IMPAKT – HiP: Preventing Hip Pain
Principal Investigator: John Esdaile, MD, MPH, FRCPC, FCAHS, ARC Scientific Director, Professor of Medicine, Division of Rheumatology, Department of Medicine, University of British Columbia
Why do this research?
There has been a long debate whether certain types of physical activity cause hip osteoarthritis (OA). OA occurs when the cartilage (the gristle that lines the ends of the bone) is damaged. OA is the most common form of hip arthritis and responsible for more than 90% of hip replacements (more than 20,000 hip replacements are done per year in Canada). Recently, subtle deformities of the hip have been linked to hip OA. It is believed that certain types of physical activity such as hockey, soccer and bicycling combined with the deformity causes damage to the hip.
The goal of this CIHR team is to show how physical activity while interacting with one or more subtle deformities can cause cartilage damage and eventually OA. By determining the frequency of the deformities in the population, compare the deformity in groups thought to have a lower frequency (Chinese) or higher frequency (Aboriginal Peoples) of OA compared to Caucasians and see if physical activity over one’s lifetime is important.
Other aspects of this research program include the opportunity to:
- See how the physical motion and the deformity combine to damage cartilage using Canada’s only magnetic resonance imaging (MRI) machine that allows one to see the cartilage standing up and with movement.
- New techniques that show changes in the cartilage even though it appears normal on a regular MRI.
- Get the results out to Canadians better than has ever been done before.

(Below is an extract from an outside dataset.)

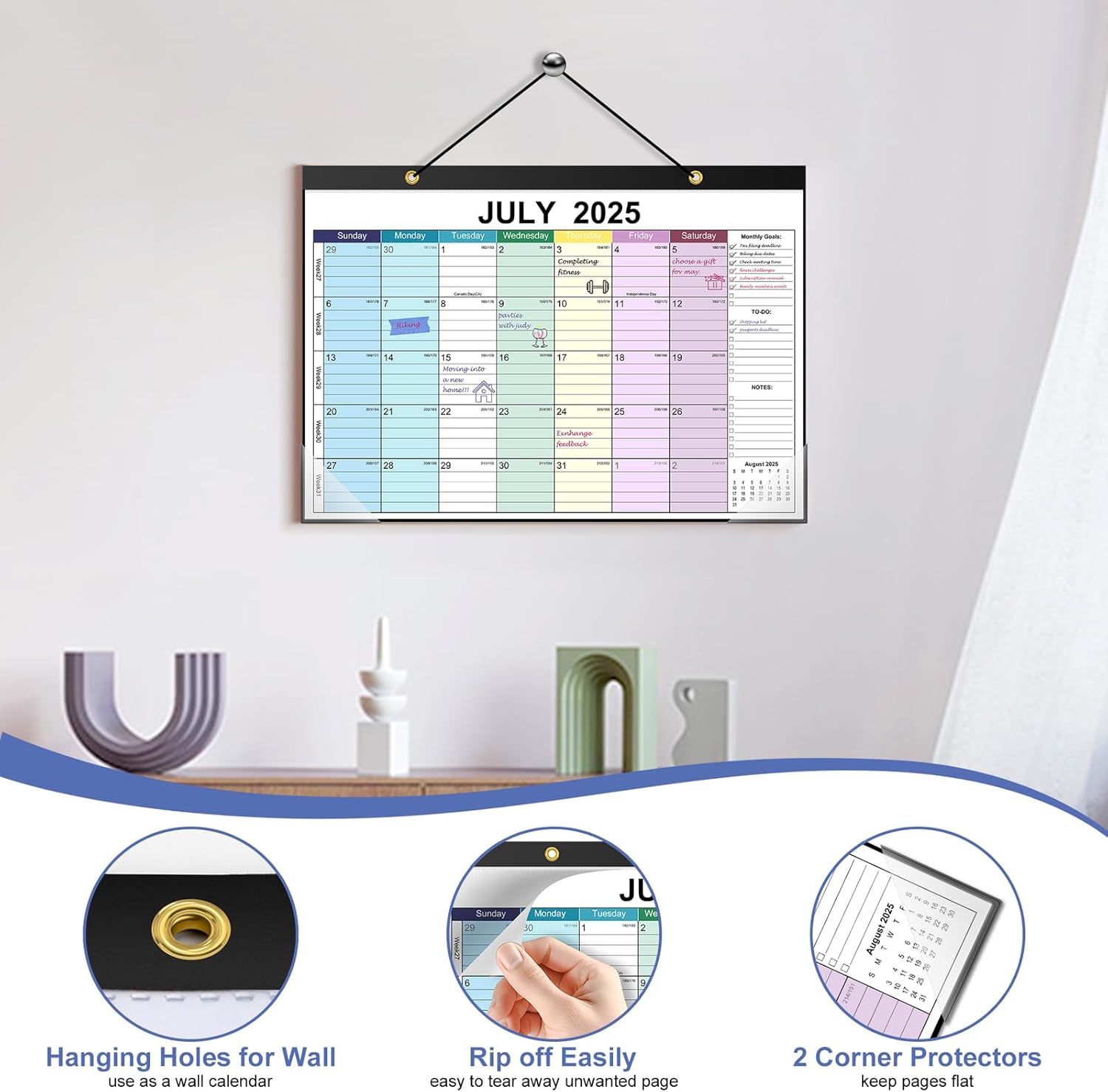 Timart Desk Calendar 2025-2026, 18 months calendar runs from July 2025 to December 2026, large 17″ x 12″ desktop/wall monthly calendar with to-do list. Designed for daily use, this desk calendar features a waterproof cover, reinforced corners, and sturdy backing for writing stability. It includes perforated pages for easy tear-off, two hanging holes for wall display, and a strong black binding for lasting performance. Perfect for Home School, Office.
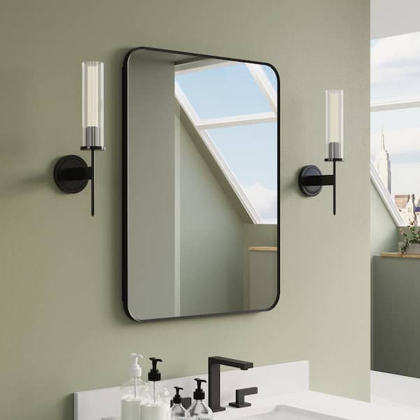23.5 in. W x 32 in. H Rectangular Adjust Shelves Recessed/Surface Mount Black Aluminum Medicine Cabinet with Mirror

This question will be addressed by a collaborative team of researchers from four medical specialties (orthopaedics, rheumatology, physiotherapy, radiology), six research disciplines (basic and clinical sciences, population health, epidemiology, biostatistics, health services research and knowledge translation), as well as stakeholders from the arthritis community. This research program will generate the new knowledge needed for major breakthroughs in the prevention, detection and treatment of hip OA.